日本は従来、長く使うことを大切にしている文化があったものの、消費社会の中でそういう発想を忘れがちになっている気がしているので、私たちの仕事でその文化を思い出してもらいたいと思っています。
青木:古いものを大切にしながら、新しいものと組み合わせていく、ということですか?
菅俣社長:そうです。古いことだけにこだわるわけじゃなくて、ミックスしていけばいい。
そうやって考えを持ち続けることが、これからを生き抜く力になると思っています。
この動画を見て「これもオーバーホールできないか」とか「自分の仕事に活かせないか」と考えてくれる人が出てきたら、それが一番嬉しいですね。

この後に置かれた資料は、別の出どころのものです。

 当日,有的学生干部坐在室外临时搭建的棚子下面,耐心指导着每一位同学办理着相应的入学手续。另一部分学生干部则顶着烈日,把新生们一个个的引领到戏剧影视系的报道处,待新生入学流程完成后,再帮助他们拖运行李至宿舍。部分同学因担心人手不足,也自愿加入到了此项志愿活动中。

単純な作業であれば機械でも代替できる時代ですが、人間には、自分で考えるという力があるはずなんです。
青木:その思いは、社員さんとの関わりにもつながっていますよね。
菅俣社長:もちろん。「どんな小さなことでもいいから、考えたこと言ってみて」って社員にはよく言っています。
そこから突破口が開けることもあるし、考えることって本当に面白いんです。
青木:大阪機器という会社の全体像や、新しい挑戦に対するワクワクする気持ちが、動画になっていろんな人に届いてほしいと思いました。
動画完成を目前に、菅俣社長の目には「これからどうなるんだろう」というワクワクが溢れていました。
オーバーホールという仕事の価値や、社長の「考える面白さ」への信念が、一本のアニメーションに込められようとしています。
この挑戦が、どんな人に届いていくのか楽しみに感じました。